Honestly, what your post screamed out to me was "TAKE A CRUISE!!" as there are ample itineraries and lines that aren't very kiddie-oriented and every major ship has a spa.  You can dance every night away if you wish and have champagne on your balcony or whatever it is that you want.  We're thinking of a Jan or Feb Mexican cruise (Carribean side, not Riviera) to escape winter.


----------



## Mike981 (Jul 3, 2007)

I think the best thing for me to do is lean towards a nice family vacation for our first buy.

The pampering for my wife is subjective.  Over the past few years we have gone with a nice all-inclusive resort with a butler.  Some feel it is over the top, but like I said before it is my wifes one chance a year to have other people wait on her...and I get to hang on for the ride.   

I thank you for the cruise idea geekette.  We did three cruises before and here are some of my issues with them.  Mind you we did nicer cruises with Celebrity with a nice outside room and balcony.  First of all, I got tired of getting on the ship the first day at say 3pm and off the ship at 8am on the last day.  Me thinks that is more like a five day cruise and not seven.  I got tired of the constant wait to get off the ship and the constant wait to get on.  It seemed more and more items were starting to be an "extra charge".  Drinks are expensive, food can be hit or miss (so can the drinks).  When you are from the north you have to worry about weather causing you to miss your ship the first day, or you leave a day early for more $$...I could go on with a few more but you get the idea.

That said, there are many things that I miss about a cruise, but I guess not enough to go back...yet.    

So now it is the family plan (by the way my kids are 12 and 14), and I keep going back and forth should I go with a points system for the family?  Or do I look at a good trader?  Or do I try to find a resort that we will want to go back year after year?

I thank you for your patience, since I know that many of my concerns have been brought up before.

Mike


----------



## geekette (Jul 3, 2007)

Ah, yes, but, everyone has their own family situation, vacation priorities, etc., so these are actually totally new concerns!  Context is everything.

You are completely right about cruising - I was thinking of the luxury and being waited on.  Somehow I forgot the herds.  I really respect that you are giving strong consideration to treating your wife to a 'real vacation'.  AI's exist for a reason - so people can relax and let someone else do all the work!!  I don't think it's over the top.  

You might check out Bluegreen Vacation Club for points - Christmas Mountain is in Wisc Dells which should be near enuf to visit every so often if you choose.  Winter has skiing, summer has all the attractions.  Boyne, MI might be a reasonable drive also?

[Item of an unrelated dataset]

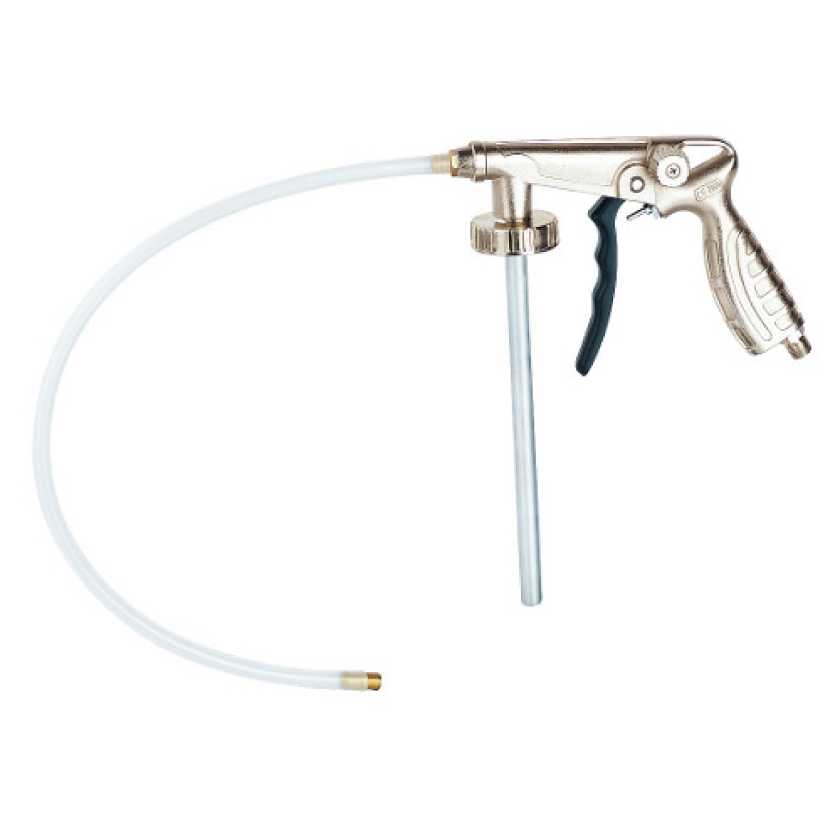 Пневматичний пістолет призначений для нанесення антигравійних і антикорозійних покриттів на кузовні елементи автомобіля. Завдяки гнучкій насадці забезпечує зручну обробку важкодоступних місць і рівномірне покриття навіть на профільованих поверхнях. Інструмент простий у використанні, стійкий до навантажень і підходить як для професійних майстерень, так і для побутового застосування.

The thing that I like best about the system is that it's like having 40 home resorts.  Want to go outside the network?  Choose what you want to deposit (there are some limitations but easy to live with).  I like this aspect because I don't normally need a strong trader so can use very few points to book for deposit.  If I need something to get me to France at prime time, I have several options for better trading.  The owner gets the option, not the system.

Points allow stays as long or short as you like, and BG Bonus Time is a really good deal.  You can visit the same resort(s) over and over or try as many as you like.  You have priority on your deeded week, so if you find you want to go back again and again, you can do it, so long as you book at 12 months out.

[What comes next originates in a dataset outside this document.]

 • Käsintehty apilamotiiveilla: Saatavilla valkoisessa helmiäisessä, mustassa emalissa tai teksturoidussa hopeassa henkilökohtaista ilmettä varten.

It's the flexibility that I really like, and I think that's true of most point systems.  

As you refine your goals and keep researching, I'm sure you will figure out what will be the best fit.  Just a word of caution - be careful about buying what seems to have good trading power Today.  Things change.  If you buy to trade, you could be very disappointed way too soon.

Good luck!!


----------



## Larry (Jul 3, 2007)

*Sandals Ocho Rios*

1)Sandals Ocho Rios villa resort ( previously beaches Grande Resort also Ciboney) in Jamaica is a couples only resort and minimum age 16 for children. It's all inclusive and a great resort. We were there a few years ago and the all inclusive fee was reasonable and great value for the type of resort. They also have private and semi private pools by the villa's and there are occassional resales available.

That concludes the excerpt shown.